The National Internet Observatory (NIO) aims to help researchers study online behavior. Participants install a browser extension and/or mobile apps to donate their online activity data along with comprehensive survey responses. The infrastructure will offer approved researchers access to a suite of structured, parsed content data for selected social media and news outlets. This data will help journalists and researchers understand participants’ news and information consumption on social media and the various pathways taken to reach particular news websites and articles on the Internet. The whole process is conducted within a robust research ethics framework, emphasizing ongoing informed consent and multiple layers, technical and legal, of interventions to protect the values at stake in data collection, data access, and research.

The proposed workshop will provide a brief overview of the NIO infrastructure, the data collected, the participants, and the researcher intake process. Participants are expected to learn about NIO, build connections, and potentially initiate collaborations through the workshop.

At the time of this submission, the workshop had not been presented at other conferences, but we are planning to deliver it at a couple of different venues in the coming months.

We would need a projector for the presentation and demonstration.


Finding and using undocumented APIs

Leon Yin and Piotr Sapiezynski

Web scraping, Data collection, API, Case studies, YouTube, Google, Amazon, Internet service provider

This workshop will introduce reporters and researchers to an exciting and overlooked data source found on most websites: undocumented APIs.

As opposed to documented and official APIs, undocumented APIs are unofficial and hidden in plain sight.
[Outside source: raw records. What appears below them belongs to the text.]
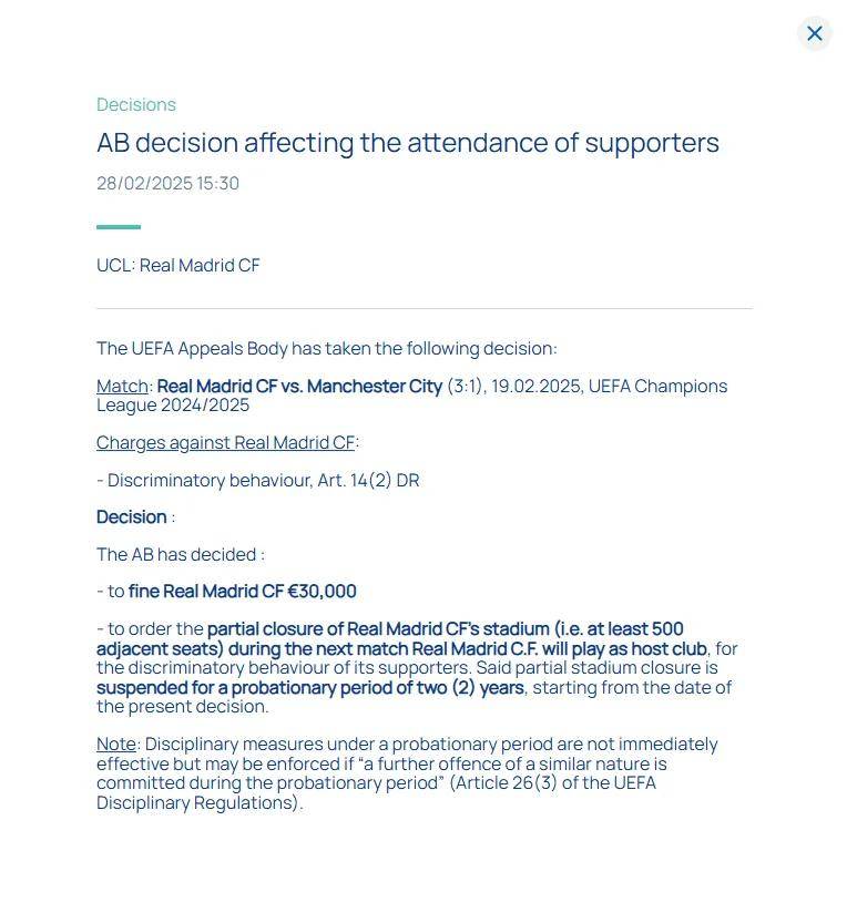 处罚为:罚款3万欧+对皇马主场伯纳乌球场做出关闭部分看台(至少500个相邻座位),但是关闭看台的处罚缓期2年执行,如果期间再有类似性质的违规行为出现,这项处罚将立即生效。
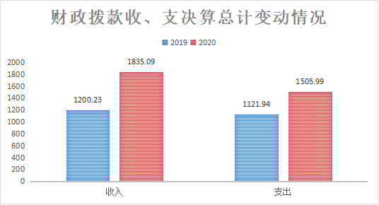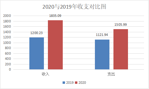 2020年度收入为1835.09万元,与2019年相比收入增加634.86万元,增长52.89%。2020年度支出1509.99万元,与2019年相比支出增加384.05万元,增长34.23%;主要变动原因是行政区划变更,原南山街道办事处合并到大渡口街道办事处后财政收入支出较2019年投入均变化。
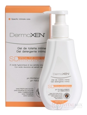 DermoXen SD upokojujúci Intímny čistiaci gél pomáha riešiť špecifické gynekologické problémy diabetičiek. Chráni proti baktériám. Zvyšuje komfort a dlhodobo hydratuje. Bez glukózy, parfumov, parabénov, surfaktantov a ťažkých kovov.
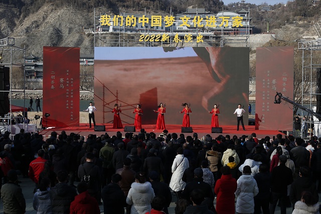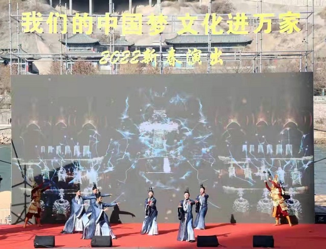 爆竹声中除旧岁,春风送暖入屠苏。浓浓的年味洋溢在和谐金城的街头,喜庆的笑容挂满了陇原儿女的脸庞,2月2日大年初二,黄河岸边的近水广场更是载歌载舞,人声鼎沸,呈现出一派祥和喜庆的气氛。由甘肃演艺集团歌舞剧院倾情呈现的“我们的中国梦”——文化进万家迎新春文艺演出在这里热闹开启,本次活动由中共甘肃省委宣传部、甘肃省文化和旅游厅主办,甘肃演艺集团、兰州市委宣传部承办,甘肃新媒体集团、兰州黄河风情线大景区管委会协办。文艺演出由”新甘肃”客户端进行全程同步直播,当日点击量30多万人次。

They execute essential functions behind the scenes, many of them are so mundane that most people don’t even realize that something is happening.

Undocumented APIs are a key tool for investigations as a public data source when access is otherwise unreachable.

Speakers will introduce the topic, and go through case studies: investigations into Amazon private label products, Google’s keyword blocklist for YouTube advertisers, and mapping the digital divide in the United States using millions of Internet service plans. Speakers will discuss the thought process and trials involved with each case study, imparting tips and best practices along the way.

Importantly, participants will learn how to find and use undocumented APIs through a hands-on exercise and will be encouraged to find APIs in the wild during independent practice.

This workshop was presented at NICAR, FAccT, and C+J and has been gradually improved based on the feedback from the previous sessions.

The contents of the workshop can be found at inspectelement.org/apis.html. The participants can use their own computers, so only a projector screen and internet connection is necessary to run this workshop.

The workshop will be led by Leon Yin, an investigative journalist at Bloomberg News, and Piotr Sapiezynski, an algorithm audit researcher at Northeastern University.


Labeling AI-Generated News Content: Matching Journalist Intentions with Audience Expectations đź“‚

Jessica Zier and Nicholas Diakopoulos

Generative AI, Transparency, Disclosure, Labeling

Improvements in generative AI functionality and accessibility offer journalists a powerful tool to assist with content production, workflows, and efficiency. This increase in generative AI for news production calls for journalists to increase transparency around how they use this technology. Recent policy developments, such as the AI Act, Art 50., are further instigating the necessity of AI transparency. Disclosure, in the form of labeling, of AI-generated content is one such transparency strategy that is becoming increasingly common in news media. However, this disclosure is meaningless if readers are unsure of how to interpret the labels. This approach could backfire if there is a mismatch between the well-intentioned goal of labeling for transparency and reader interpretations of what these labels signal. Since there is no uniformity and guidelines are piecemeal on how exactly to implement labeling, this paper offers a starting point for bridging the knowledge gap between AI transparency as a principle and AI transparency as a practice to better align journalists’ transparency goals with reader expectations around AI-use disclosure.